Create two layers of brand guidance: one for human writers and a simplified, more literal version for AI prompts. In the AI-facing version, spell out which metaphors, idioms, and types of humor are allowed, which are banned, and when the model should default to plain, literal phrasing instead.
What’s a practical way to test figurative-language behavior with a small team before a full AI rollout?
Run short “scripted chat labs” where team members role-play real user scenarios rich in sarcasm, regional idioms, and marketing metaphors, then log the AI’s responses. Review the transcripts together, tagging where meaning went off track and turning those edge cases into updated prompts or guardrails.
How does figurative language affect SEO and on-page content when using LLMs for drafting or optimization?
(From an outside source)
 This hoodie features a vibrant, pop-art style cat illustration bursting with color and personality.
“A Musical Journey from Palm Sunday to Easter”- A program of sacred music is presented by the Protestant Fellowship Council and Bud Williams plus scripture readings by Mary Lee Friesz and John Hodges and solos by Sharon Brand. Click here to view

If an AI over-literalizes your metaphors, pages can lose distinctiveness and clarity, which weakens both rankings and click-through appeal. Conversely, overly abstract figurative copy can confuse searchers and search engines, so prompts should ask the model to pair vivid language with explicit, keyword-rich explanations.
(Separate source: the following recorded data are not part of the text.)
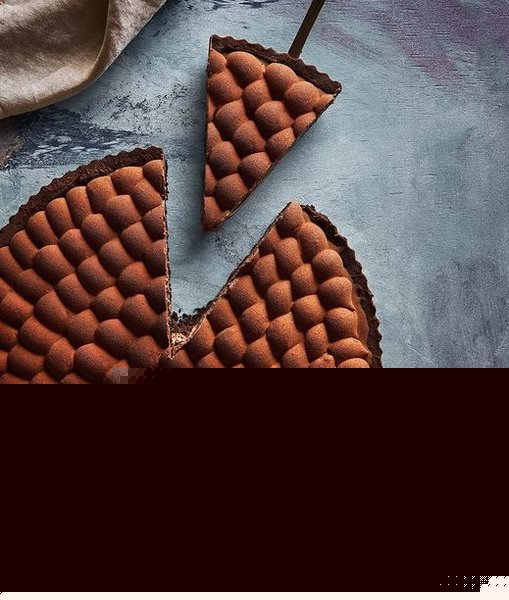 Chocolate sable crust, caramel sauce and chocolate ganache
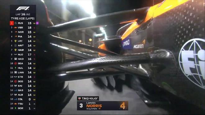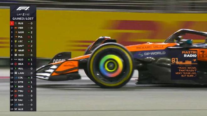 第一圈:諾里斯升至第3,但在和皮亞斯特里的爭奪過程中,諾里斯碰到維斯塔潘,前翼端板受損
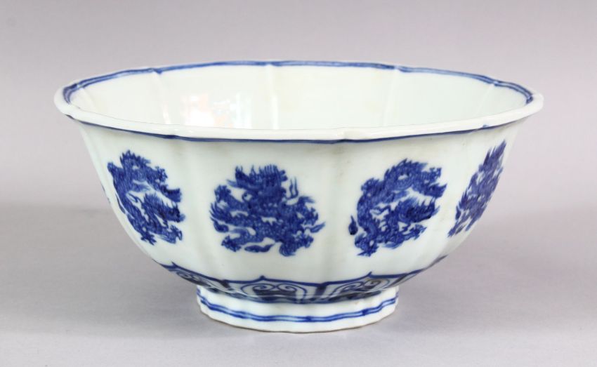 A CHINESE MING STYLE BLUE & WHITE PORCELAIN PETAL FORMED BOWL - the bowl decorated with roundel of dragons - the base with a six character mark, 21cm
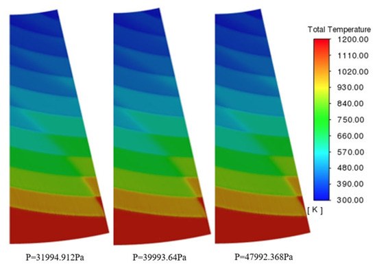 Distributions of total temperatures in a precooler unit with different inlet total pressures.
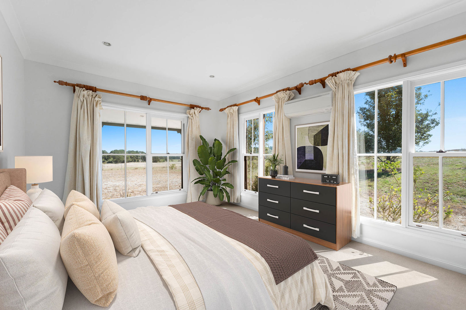 At the heart of the home, the large family area is warmed by a woodburning fireplace, with a split system providing heating and cooling for year-round comfort. Generous windows draw in natural light and frame picturesque views across green pastures, creating a space that feels both open and grounded.

What extra steps are needed to handle figurative language in multilingual or global products?
Treat each language and major region as having its own figurative “dialect” and collect examples locally rather than assuming direct translation will work. Use native speakers to curate evaluation sets of humor, idioms, and analogies, and configure your AI to stay literal when it detects unfamiliar or cross-language expressions.
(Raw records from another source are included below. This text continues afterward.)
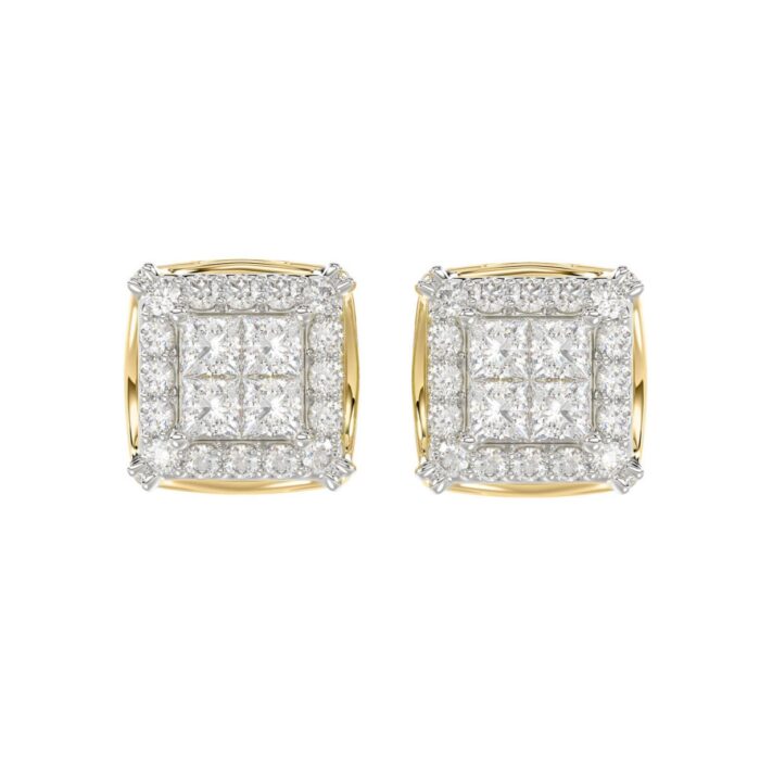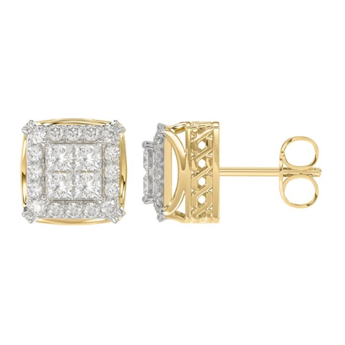 14K YELLOW GOLD 1CT ROUND/PRINCESS DIAMOND MEN’S EARRINGS
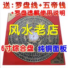 香港通胜老字号六寸罗盘纯铜面板专业风水综合盘送罗盘线和五帝钱
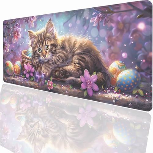 Tapis de Souris Gaming XXL Grand Mousepad 700 x 300 x 3 mm, Grand Tapis de Bureau sous Main avec Base Caoutchouc antidérapante pour PC Gamer, Améliore la précision et la Vitesse Animal Chat LMDT9951

How can legal and compliance teams get involved without shutting down creative copy altogether?
Have legal review and pre-approve a library of safe analogies, metaphors, and taglines along with clear “do not cross” lines. Then encode those boundaries in your prompts and guardrails so the AI stays within an approved palette of figurative patterns while still allowing room for stylistic variation.
What ROI signals indicate that investing in figurative-language guardrails is paying off?
Track changes in support escalations due to tone issues, user complaints about insensitive or confusing replies, and time spent manually correcting AI content. Declines in these friction points, alongside stable or improved engagement metrics, are strong indicators that your figurative-language controls are generating value.
Are there low-risk use cases where we can safely let LLMs use more figurative language?
Yes, entertainment-oriented experiences, internal brainstorming tools, and top-of-funnel creative ideation generally tolerate more playful metaphors and jokes. In these zones, you can relax constraints somewhat, as long as outputs are clearly labeled as exploratory or fictional and never drive high-stakes decisions.